Description of the task =
For the entries that follow, retype exactly the lines from the one containing "In dieser Wundertüte" to the one containing "Башня и правда", inclusive, and only those. Images stay out of the copy.

Listed records =
---+---

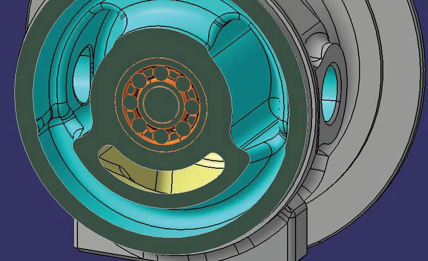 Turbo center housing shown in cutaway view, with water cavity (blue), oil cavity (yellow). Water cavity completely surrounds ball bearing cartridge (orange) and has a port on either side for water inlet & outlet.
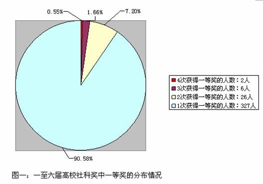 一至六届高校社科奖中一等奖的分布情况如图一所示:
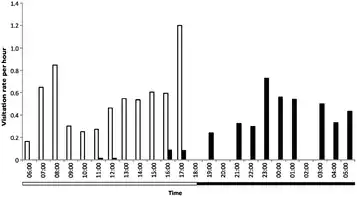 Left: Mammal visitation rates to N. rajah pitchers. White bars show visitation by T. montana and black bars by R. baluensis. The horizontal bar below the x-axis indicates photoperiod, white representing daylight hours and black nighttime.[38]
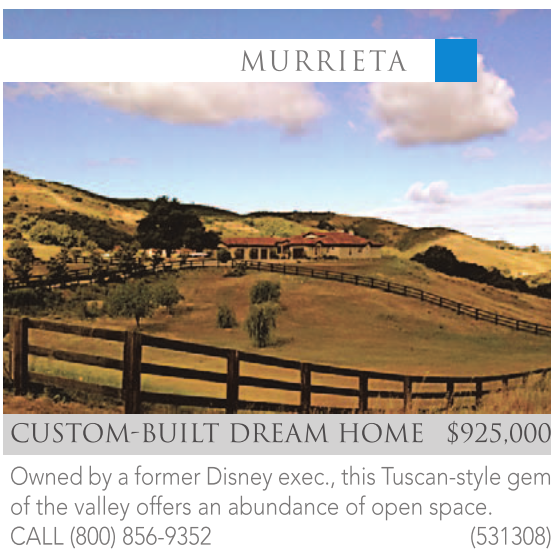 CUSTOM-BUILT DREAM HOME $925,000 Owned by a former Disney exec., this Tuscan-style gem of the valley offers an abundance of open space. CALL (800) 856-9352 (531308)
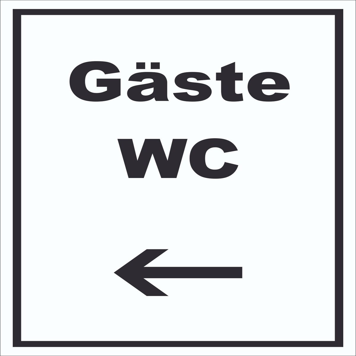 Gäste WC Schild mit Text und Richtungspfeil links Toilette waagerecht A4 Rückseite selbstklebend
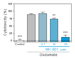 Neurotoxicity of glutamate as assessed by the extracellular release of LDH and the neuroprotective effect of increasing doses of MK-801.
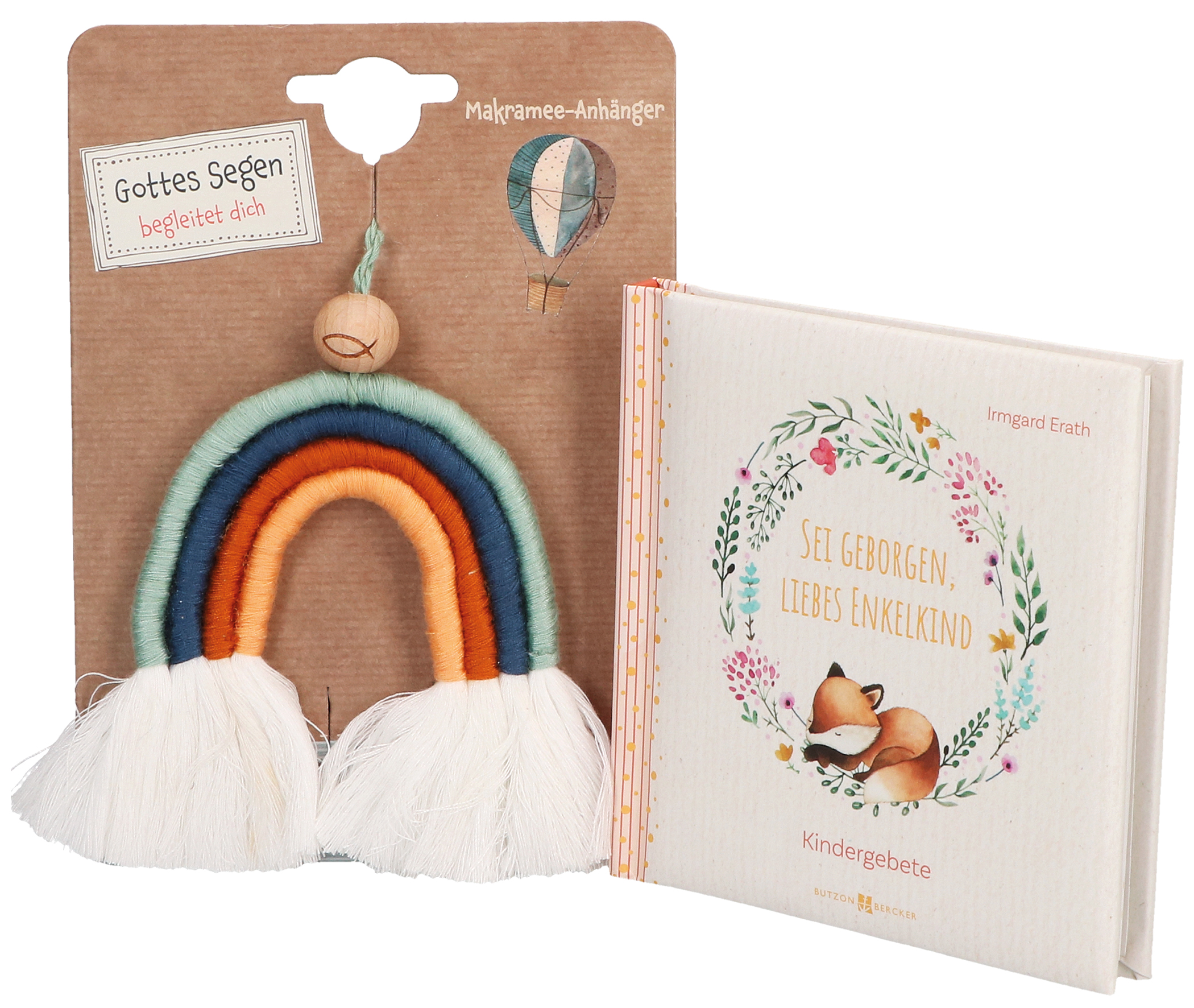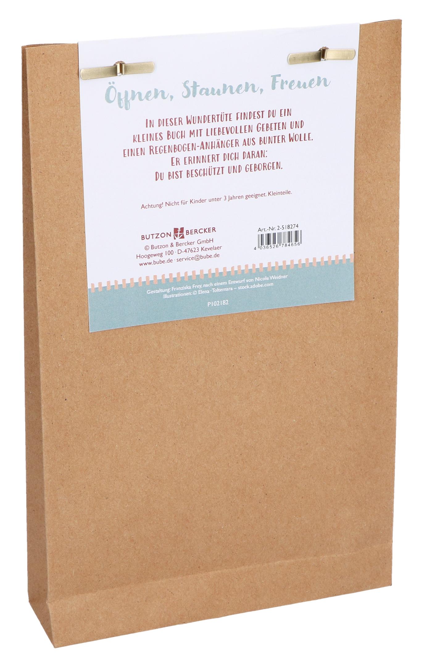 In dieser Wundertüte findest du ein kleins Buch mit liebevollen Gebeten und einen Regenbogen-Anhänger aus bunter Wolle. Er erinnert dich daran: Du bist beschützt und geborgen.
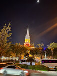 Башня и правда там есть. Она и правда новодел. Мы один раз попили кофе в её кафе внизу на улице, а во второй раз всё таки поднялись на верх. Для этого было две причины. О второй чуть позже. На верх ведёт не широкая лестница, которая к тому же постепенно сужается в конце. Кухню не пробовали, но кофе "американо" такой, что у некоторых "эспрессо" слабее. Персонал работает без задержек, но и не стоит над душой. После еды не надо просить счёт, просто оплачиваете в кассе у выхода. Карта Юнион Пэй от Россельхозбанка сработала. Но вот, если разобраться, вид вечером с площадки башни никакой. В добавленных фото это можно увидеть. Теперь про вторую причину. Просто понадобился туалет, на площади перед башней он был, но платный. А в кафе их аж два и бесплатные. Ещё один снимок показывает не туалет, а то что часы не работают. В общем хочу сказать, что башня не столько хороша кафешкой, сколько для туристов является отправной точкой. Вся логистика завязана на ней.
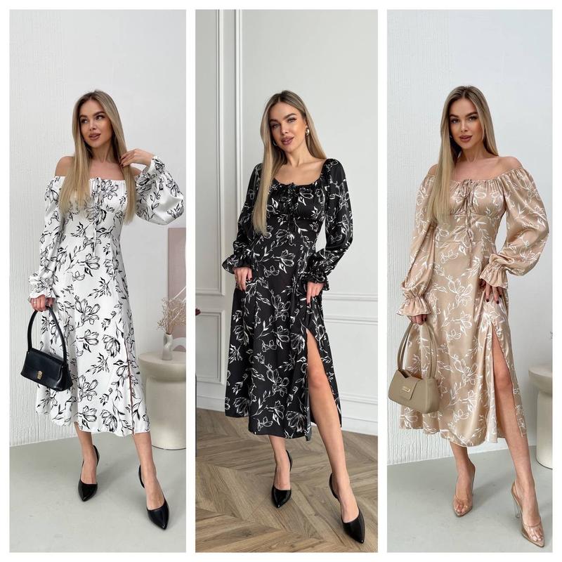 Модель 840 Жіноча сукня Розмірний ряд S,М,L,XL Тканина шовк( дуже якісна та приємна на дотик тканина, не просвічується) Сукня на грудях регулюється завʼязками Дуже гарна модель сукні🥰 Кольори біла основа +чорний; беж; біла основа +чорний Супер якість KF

---+---

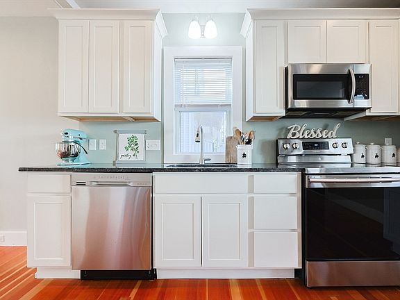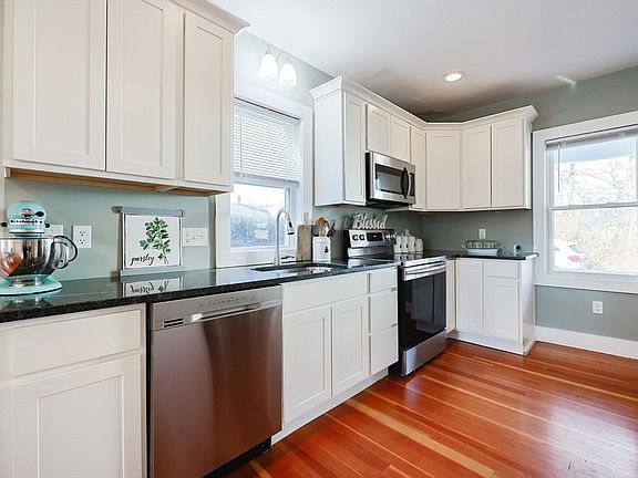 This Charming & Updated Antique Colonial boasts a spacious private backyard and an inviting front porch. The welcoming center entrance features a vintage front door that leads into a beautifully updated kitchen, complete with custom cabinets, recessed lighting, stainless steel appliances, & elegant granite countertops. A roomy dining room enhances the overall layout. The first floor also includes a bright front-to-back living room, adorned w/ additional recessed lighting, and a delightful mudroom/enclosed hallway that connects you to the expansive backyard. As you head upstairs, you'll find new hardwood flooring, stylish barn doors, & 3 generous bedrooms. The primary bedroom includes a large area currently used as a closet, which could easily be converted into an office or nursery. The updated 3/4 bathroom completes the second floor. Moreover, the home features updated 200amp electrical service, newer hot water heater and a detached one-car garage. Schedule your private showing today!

---+---

Expected output =
 In dieser Wundertüte findest du ein kleins Buch mit liebevollen Gebeten und einen Regenbogen-Anhänger aus bunter Wolle. Er erinnert dich daran: Du bist beschützt und geborgen.
 Башня и правда там есть. Она и правда новодел. Мы один раз попили кофе в её кафе внизу на улице, а во второй раз всё таки поднялись на верх. Для этого было две причины. О второй чуть позже. На верх ведёт не широкая лестница, которая к тому же постепенно сужается в конце. Кухню не пробовали, но кофе "американо" такой, что у некоторых "эспрессо" слабее. Персонал работает без задержек, но и не стоит над душой. После еды не надо просить счёт, просто оплачиваете в кассе у выхода. Карта Юнион Пэй от Россельхозбанка сработала. Но вот, если разобраться, вид вечером с площадки башни никакой. В добавленных фото это можно увидеть. Теперь про вторую причину. Просто понадобился туалет, на площади перед башней он был, но платный. А в кафе их аж два и бесплатные. Ещё один снимок показывает не туалет, а то что часы не работают. В общем хочу сказать, что башня не столько хороша кафешкой, сколько для туристов является отправной точкой. Вся логистика завязана на ней.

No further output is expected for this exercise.